**Problem details**: Here is a listing. Write it all out again exactly, but not its pictures.

(Record set begins)

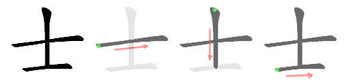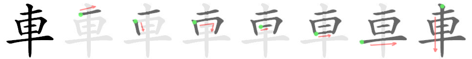 가로 획과 세로 획이 교차할 때, 가로 획이 일반적으로 세로 획보다 먼저 쓰여진다: "열"을 의미하는 글자, 十|십중국어,는 두 획을 가지고 있다. 가로 획, 一|일중국어,이 먼저 쓰여지고, 그 다음 세로 획이 쓰여져 十|십중국어을 만든다.
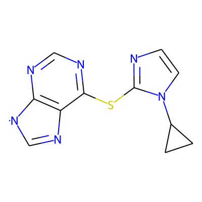 C1=Nc2c(ncnc2Sc2nccn2C2CC2)[N]1| HBA: | 6 | RingCount: | 4 |
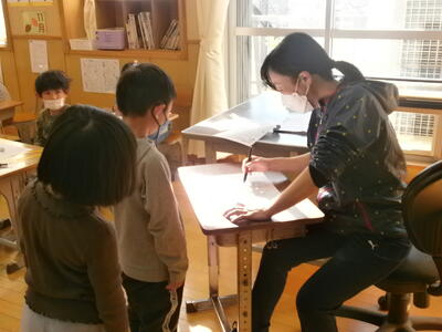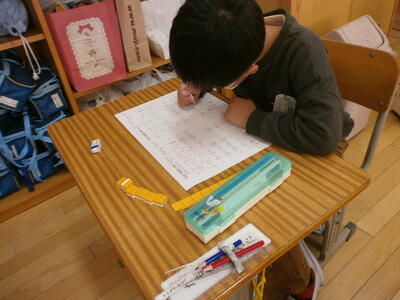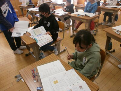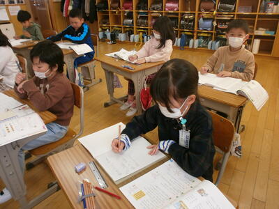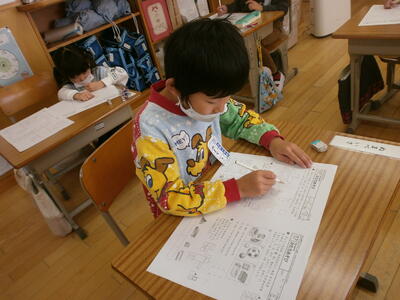 1年生は、プリントを使ってどんどん復習を進めていました。今まで学習したことがしっかり身についている子どもがほとんどです。素晴らしいですね。
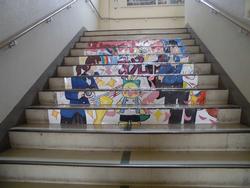 卒業式の少し前に、芸術部の皆さんが階段アートを貼り替えてくれました。中には「入学」の文字も見えます。
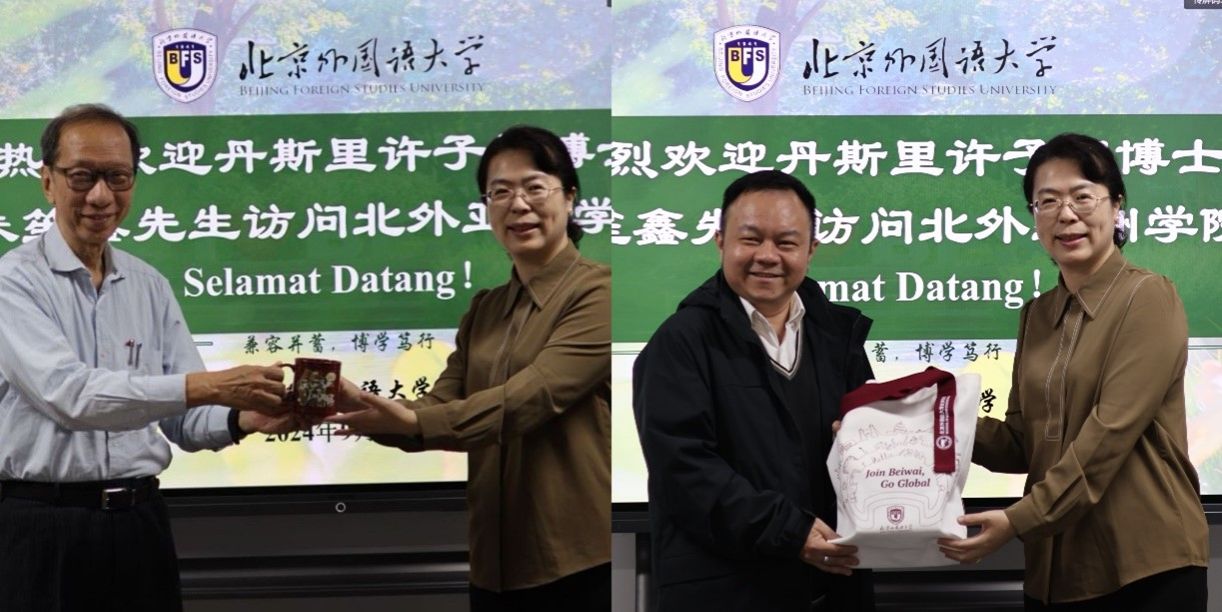 海内存知己,天涯若比邻。正值中马建交五十周年金禧,中马两国在人文、教育领域的交流欣欣向荣。9月25日下午,马来西亚前首相署部长丹斯里许子根博士及Seeds Malaysia智库执行长朱笙鑫先生来访北外beat365唯一官方网站。beat365唯一官方网站院长苏莹莹教授及马来语专业师生参加座谈。
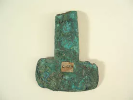 Objeto oblongo de sección cilíndrica. Posee un extremo redondeado y otro extremo afilado a bisel. Elaborado en piedra tallada y pulida de color grisáceo.
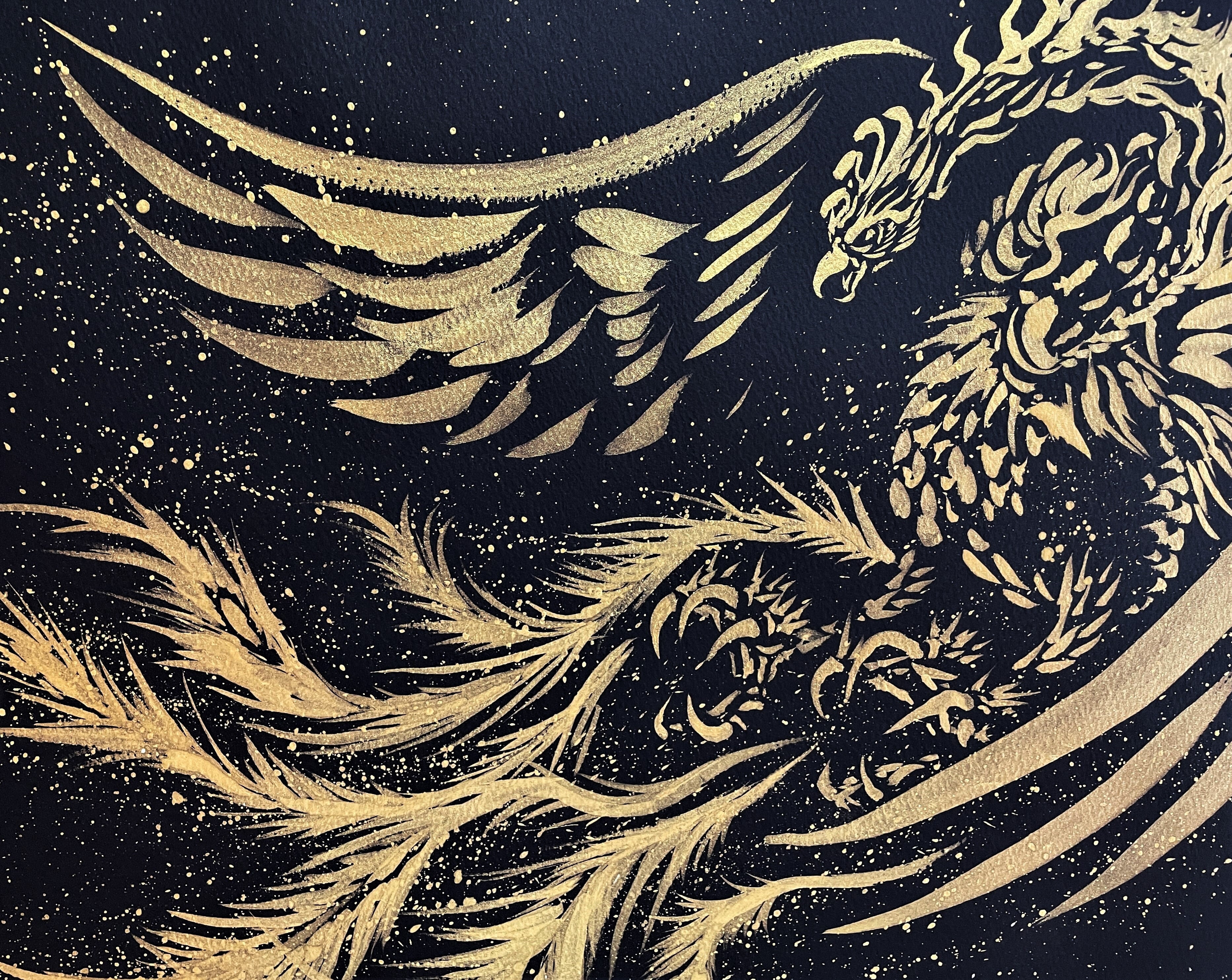千年色が劣化しないとされています岩絵の具の金色で描いています
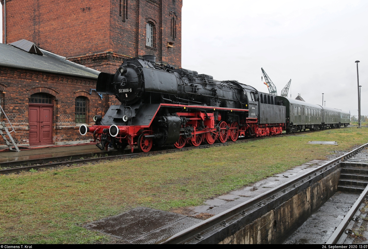 50 3606-6 (050 606-3 | 50 3606 | 50 2637 | 50 2637 ÜK) steht während des Herbstlokfests auf dem Gelände des Lokschuppen Staßfurt.

(Record set ends)

**Reply to the exercise**:
 가로 획과 세로 획이 교차할 때, 가로 획이 일반적으로 세로 획보다 먼저 쓰여진다: "열"을 의미하는 글자, 十|십중국어,는 두 획을 가지고 있다. 가로 획, 一|일중국어,이 먼저 쓰여지고, 그 다음 세로 획이 쓰여져 十|십중국어을 만든다.
 C1=Nc2c(ncnc2Sc2nccn2C2CC2)[N]1| HBA: | 6 | RingCount: | 4 |
 1年生は、プリントを使ってどんどん復習を進めていました。今まで学習したことがしっかり身についている子どもがほとんどです。素晴らしいですね。
 卒業式の少し前に、芸術部の皆さんが階段アートを貼り替えてくれました。中には「入学」の文字も見えます。
 海内存知己,天涯若比邻。正值中马建交五十周年金禧,中马两国在人文、教育领域的交流欣欣向荣。9月25日下午,马来西亚前首相署部长丹斯里许子根博士及Seeds Malaysia智库执行长朱笙鑫先生来访北外beat365唯一官方网站。beat365唯一官方网站院长苏莹莹教授及马来语专业师生参加座谈。
 Objeto oblongo de sección cilíndrica. Posee un extremo redondeado y otro extremo afilado a bisel. Elaborado en piedra tallada y pulida de color grisáceo.
千年色が劣化しないとされています岩絵の具の金色で描いています
 50 3606-6 (050 606-3 | 50 3606 | 50 2637 | 50 2637 ÜK) steht während des Herbstlokfests auf dem Gelände des Lokschuppen Staßfurt.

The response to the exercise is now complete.